Warning: preg_match() [function.preg-match]: Compilation failed: PCRE does not support \L, \l, \N, \P, \p, \U, \u, or \X at ...



As this manual page says, you need PHP 5.1.0 and the /u modifier in order to enable these features, but that isn't the only requirement! It is possible to install later versions of PHP (we have 5.1.4) while linking to an older PCRE install. A quick look at the PCRE changelog suggests that you probably need at least PCRE 5; we're running 4.5, while the latest is 7.1. You can find out your PCRE version by checking phpinfo().



I suspect this ancient PCRE version is included in some officially-supported Red Hat Enterprise package which is probably why we are running it so might also affect other people.

pstradomski at gmail dot com 29-Mar-2007 04:55


About strip_selected_tags function from two posts below:



it does not work if somebody uses tags without ending ">" character, like this:



<p <b> bold text </b</p



This  is even valid HTML (but not valid XHTML)

theppg_001 at hotmail dot com 20-Nov-2006 10:22


Hi there

This was originally made by someone eles but it didn't work correctly and so I remade it and as far as I know it works right.



<?php

/**

* strip_selected_tags ( string str [, string strip_tags[, strip_content flag]] )

* ---------------------------------------------------------------------

* Like strip_tags() but inverse; the strip_tags tags will be stripped, not kept.

* strip_tags: string with tags to strip, ex: "<a><p><quote>" etc.
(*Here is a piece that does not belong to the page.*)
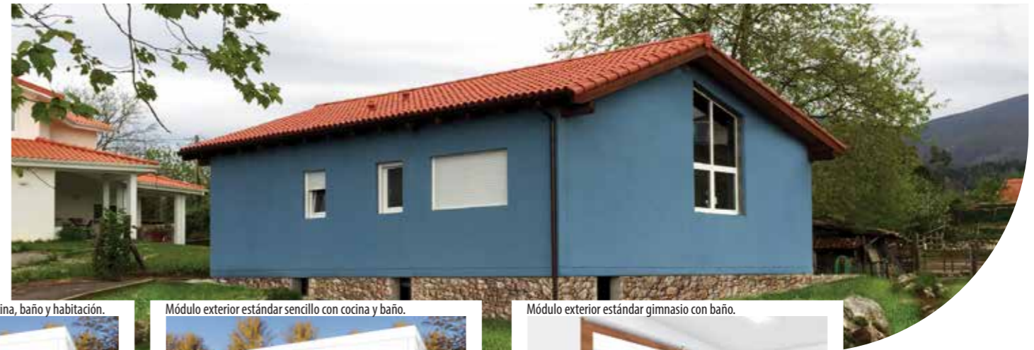
Módulo exterior estándar gimnasio con baño.

* strip_content flag: TRUE will also strip everything between open and closed tag

*/

function strip_selected_tags($str, $tags = "", $stripContent = false)

{

    preg_match_all("/<([^>]+)>/i", $tags, $allTags, PREG_PATTERN_ORDER);

    $replace = "%(<$tag.*?>)(.*?)(<\/$tag.*?>)%is";

    foreach ($allTags[1] as $tag) {

        if ($stripContent) {

            $str = preg_replace($replace,'',$str);

        }

            $str = preg_replace($replace,'${2}',$str);

    }

    return $str;

}

?>



Before I 'fixed' it, when running

strip_selected_tags("this is <p align=\"center\">a test</p> and <b>this is bold</b>","<p><b>")

You would get back

"this is <p align=\"center\">a test</p> and this is bold"
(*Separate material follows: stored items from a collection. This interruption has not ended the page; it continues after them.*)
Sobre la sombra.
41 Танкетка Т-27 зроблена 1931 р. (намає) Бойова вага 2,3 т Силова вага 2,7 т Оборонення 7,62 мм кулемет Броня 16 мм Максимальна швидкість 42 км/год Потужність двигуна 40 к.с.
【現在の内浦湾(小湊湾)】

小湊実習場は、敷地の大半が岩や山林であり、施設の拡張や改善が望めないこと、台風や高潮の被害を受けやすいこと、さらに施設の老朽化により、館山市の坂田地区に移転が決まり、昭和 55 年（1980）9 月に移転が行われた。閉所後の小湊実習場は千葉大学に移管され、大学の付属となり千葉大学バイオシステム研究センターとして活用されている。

Why? Because it did not take into account that there could be options etc in the HTML Tag.

My one works perfectly when stripping just the tags or the tag and its contents too!



So now when you run 

strip_selected_tags("this is <p align=\"center\">a test</p> and <b>this is bold</b>","<p><b>")

You get back

"this is a test and this is bold"

Or when running

strip_selected_tags("this is <p align=\"center\">a test</p> and <b>this is bold</b>","<p><b>",true)

You get back

"this is  and "



Hope it helps someone :)

Daniel Vandersluis 23-Nov-2005 07:50


Concerning note #6 in "Differences From Perl", the \G token *is* supported as the last match position anchor. This has been confirmed to work at least in preg_replace(), though I'd assume it'd work in preg_match_all(), and other functions that can make more than one match, as well.
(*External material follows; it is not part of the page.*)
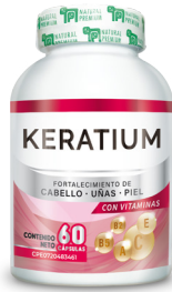
Keratium Fortalecimiento de cabello, uñas y piel

roland dot illig at gmx dot de 08-Nov-2005 10:02


<quote>

9. Another as yet unresolved discrepancy is that in Perl 5.005_02 the pattern /^(a)?(?(1)a|b)+$/ matches the string "a", whereas in PCRE it does not. However, in both Perl and PCRE /^(a)?a/ matched against "a" leaves $1 unset.

</quote>



The last sentence does not indicate a bug. If the string "a" should match against the regular expression /^(a)?a/, the last "a" in the regex must be matched by any literal "a" in the string. The rest of the string is "", which obviously does not match the first /^(a)/.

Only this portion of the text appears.